4-fold CV is performed and the mean train and validation fold metrics (MCC and balanced accuracy) are collected for all conditions to jointly evaluate the best-performing combinations. Note: transformations are performed on the entire trainin/validation set prior to CV partitioning to speed up the iterations. Hence, validation fold performance might be expected to be a slight overestimation, proper evalution and hyperparameter optimization will be performed later.

In [4]:
# downsample majority class to speed up iterations
DS = RandomUnderSampler(sampling_strategy=0.01)
X_train, Y_train = DS.fit_resample(X_train, Y_train)

print(X_train.shape)

(12221, 5408)


In [5]:
CV = 4

# initialize df for results
results = pd.DataFrame(
    index=np.arange(1000), columns=[
    "remove_corr_n", "scaler", "fs_model", "fs_m", "fs_univ_k", "pca_n", "tot_n_features", 
    "train_mcc", "val_mcc", "train_balanced_acc", "val_balanced_acc"]
)

i = 0  # counter

# remove strongly correlated features
for n_remove in [0, 10, 100, 250, 500, 750]:
    
    if n_remove:
        rm = RemoveCorrelatedFeatures(n_remove=n_remove)
        X_t = rm.fit_transform(X_train)
    else:
        X_t = X_train

    for scaler in ["no_scaling"]:

        if scaler != "no_scaling":
            X_t = scaler.fit_transform(X_t)
            scaler_name = scaler.__class__.__name__
        else:
            scaler_name = scaler

        # dimension reduction
        X_train_pca = PCA(n_components=25).fit_transform(X_t)
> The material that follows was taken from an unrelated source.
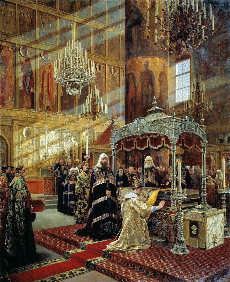 Царь Алексей Михайлович и Никон, архиепископ новгородский, у гроба чудотворца Филиппа, митрополита московского

        # univariate selection
        selector_F = SelectKBest(f_classif, k="all").fit(X_t, Y_train)

        # model-based selection
        for model_name, model in [
            ("LinearSVC", LinearSVC(max_iter=15000, random_state=seed, class_weight="balanced"))
        ]:

            # fit the model
            model.fit(X_t, Y_train)

            # select m best features according to model
            for m in [10, 250, 500, 1000, 4000]:

                sel = SelectFromModel(model, prefit=True, threshold=-np.inf, max_features=m)
                model_sel = set(sel.get_support(indices=True))

                # select a total of k original features based on F-stat and MIC
                for k in [10, 20, 50, 75]:

                    # get best-scoring feature indices
                    F_sel = set(selector_F.scores_.argsort()[-k // 2:][::-1])
                    
                    # take union of all selected features
                    feature_sel = F_sel | model_sel

                    # add PCs
                    for n in [0, 10, 25]:

                        if n:
                            X_train_pca_sel = X_train_pca[:, :n]
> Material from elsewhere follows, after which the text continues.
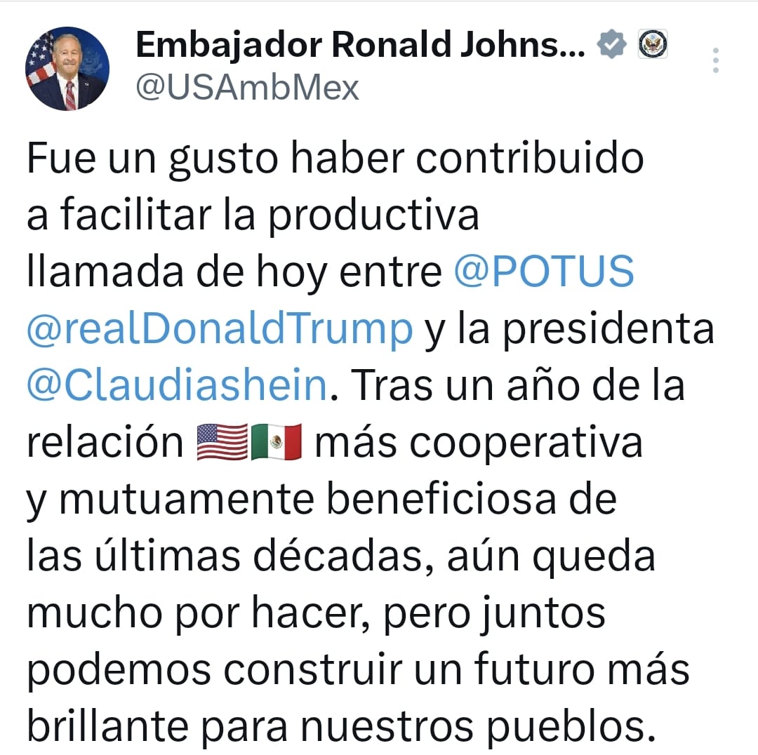 Lo anterior se dio luego de que el embajador de Estados Unidos en México señaló públicamente que: “Fue un gusto haber contribuido a facilitar la llamada entre el presidente Donald Trump y la presidenta Claudia Sheinbaum, y destacó que, tras un año de una relación bilateral cooperativa y mutuamente beneficiosa, aún existen retos por delante, pero también la posibilidad de construir un futuro conjunto en beneficio de ambos pueblos”.

                            # join with union of selected features
                            X_train_selection = np.concatenate(
                                (X_train_pca_sel, np.array(X_t)[:, list(feature_sel)]),
                                axis=1
                            )

                        else:
                            X_train_selection = np.array(X_t)[:, list(feature_sel)]

                        # Logistic Regression model 4-fold cv
                        out = [n_remove, scaler_name, model_name, m, k, n, X_train_selection.shape[-1]]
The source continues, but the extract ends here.